2. Transfer Restrictions. During the period beginning as of the date hereof and continuing until the expiration of the Lock-Up Period, and subject to the exceptions in Sections 3, 4, 5 and 6, hereof, the Subject Party shall not Transfer, permit or cause the Transfer of, any Lock-Up Shares (whether or not any transaction is to be settled by delivery of Lock-Up Shares or such other securities, in cash or otherwise), or make a public announcement of any intention to effect such a Transfer. Any purported Transfer that does not comply with the terms of this Agreement shall be null and void . For the avoidance of doubt, this Agreement does not purport to restrict any Transfer of shares of Pubco Common Stock (i) acquired in open market transactions by the Subject Party (whether prior to, on or after the Closing Date), or (ii) that are Subject Shares but no longer qualify as Lock-Up Shares.
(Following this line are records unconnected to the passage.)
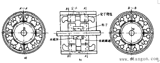 混合式步进电动机由定子和转子组成。定于铁心与反应式步进电动机相同,每个极上有小齿和控制绕组。转子的结构与水久磁钢的电磁减速式同步电动机相同。以两相混合式步进电动机为例,其结构原理如图1所示。
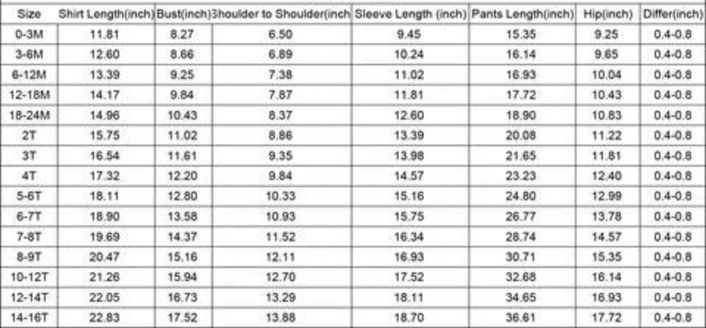 • Kids: 3/6 months through 14/16 (two-piece set)
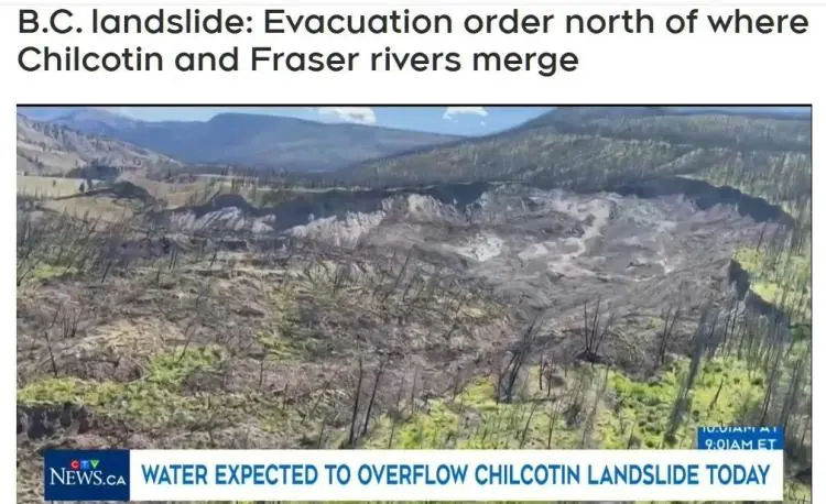 紧急事务官员称,BC省中部内陆地区的Chilcotin河发生大规模山体滑坡,导致数十处房产被疏散。

3. Permitted Transfers. Notwithstanding anything to the contrary in this Agreement, the Subject Party may Transfer the Subject Party’s Lock-Up Shares only in the following circumstances:
(a) to Pubco’s directors or officers or any affiliates or family members of Pubco’s directors or officers;
(b) if the Subject Party is an individual, by gift to a member of the Subject Party’s Immediate Family or to a trust, the beneficiary of which is a member of such Subject Party’s Immediate Family or an affiliate of such person, or to a charitable organization; provided that in the case of an Immediate Family member that is a trust, such trust does not require or permit the distribution of any of the Lock-Up Shares other than to the Subject Party and/or the Subject Party’s Immediate Family members; provided, further, that any such Transfer shall be for bona fide estate planning purposes and does not involve a disposition for value;
(c) if the Subject Party is an individual, by virtue of laws of descent and distribution upon death of Subject Party or otherwise in connection with Transfers by will, other testamentary document or intestate succession to the legal representative, heir, beneficiary or a member of the Immediate Family of the Subject Party;
(d) if required pursuant to any Applicable Law or a final and non-appealable Governmental Order of any Governmental Authority (including by Transfers by operation of law pursuant to a qualified domestic order, divorce settlement, or divorce decree or separation agreement or wind-up or dissolution of a legal entity);
(e) to a nominee or custodian of a person or entity to whom a disposition or transfer would be permissible under clauses (a) through (d) above; and
provided that in the case of any Transfer pursuant to clauses (a)-(d), each transferee shall execute and deliver to Pubco a lock-up letter substantially in the form of this Agreement as a condition to the effectiveness of such Transfer.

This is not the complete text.